What I have to say about apportionment is remarkably close to what Senator Kuchel has already told you, and I think that fact is significant. I am a Democrat, he is a Republican. In this instance, I believe we represent a great and stillgrowing consensus in California on what should be done as a result of the U.S. Supreme Court rulings on apportionment of State legislatures.

My recommendations are not all embodied in the proposed constitutional amendment you are now considering, but they could easily be fitted into that measure or any of a number of others. As Senator Kuchel did, I offer ways in which to make that measure acceptable-indeed highly desirable-to Californians. My recommendations are three in number, and I would stress that each bears with sufficient weight on the two others that, in my judgment they are not separable.

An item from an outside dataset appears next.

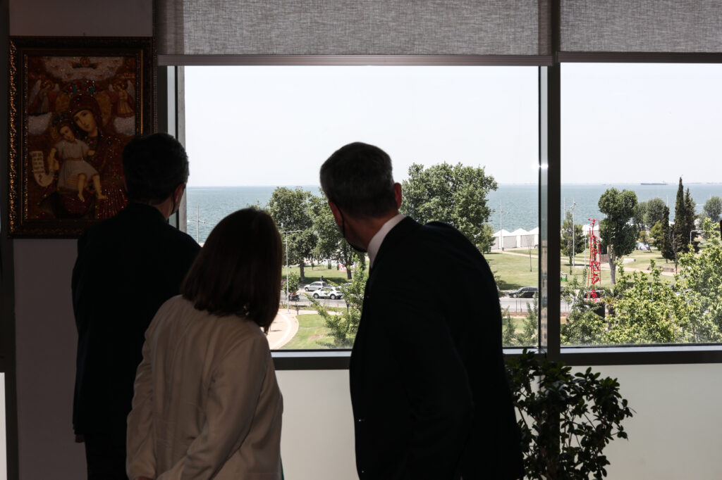 Στην ξενάγηση, πέραν του Δημάρχου Θεσσαλονίκης, την Πρόεδρο συνόδευσαν ο Πρόεδρος του Δημοτικού Συμβουλίου Θεσσαλονίκης Πέτρος Λεκάκης και η Αντιδήμαρχος Πολιτισμού και Τουρισμού Μαρία Καραγιάννη, προσφέροντάς της χαρακτηριστικές φωτογραφίες που παρουσιάζονται στην έκθεση.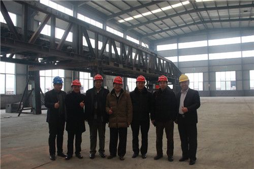 評審專家與公司高管在公司產(chǎn)品移動棧橋前合影

First, I would endorse the principle that each State be given a qualified right under a constitutional amendment to apportion one of two houses of its legislature without fully meeting the one-man-one-vote test now established by recent rulings of the U.S. Supreme Court.

Second, I would insist that one of the restrictive qualifications be that the people of each of the 50 States be given the opportunity long denied in many of the States to pass directly on questions of apportionment by initiative and referendum-an opportunity which Californians have both had and exercised on a number of occasions. That right should be reserved to the people of each State by the Federal Constitution as a condition precedent to apportionment of one of the two houses of any State without full adherence to the one-man-one-vote rule. Third, I would also restrict the use of this new constitutional privilege to States which could meet stringent requirements embodied in the same constitutional amendment requirements which would guarantee that the electorate of the State concerned was not limited by reason of sex, race, creed, color, economic status, or other comparably irrelevant factors.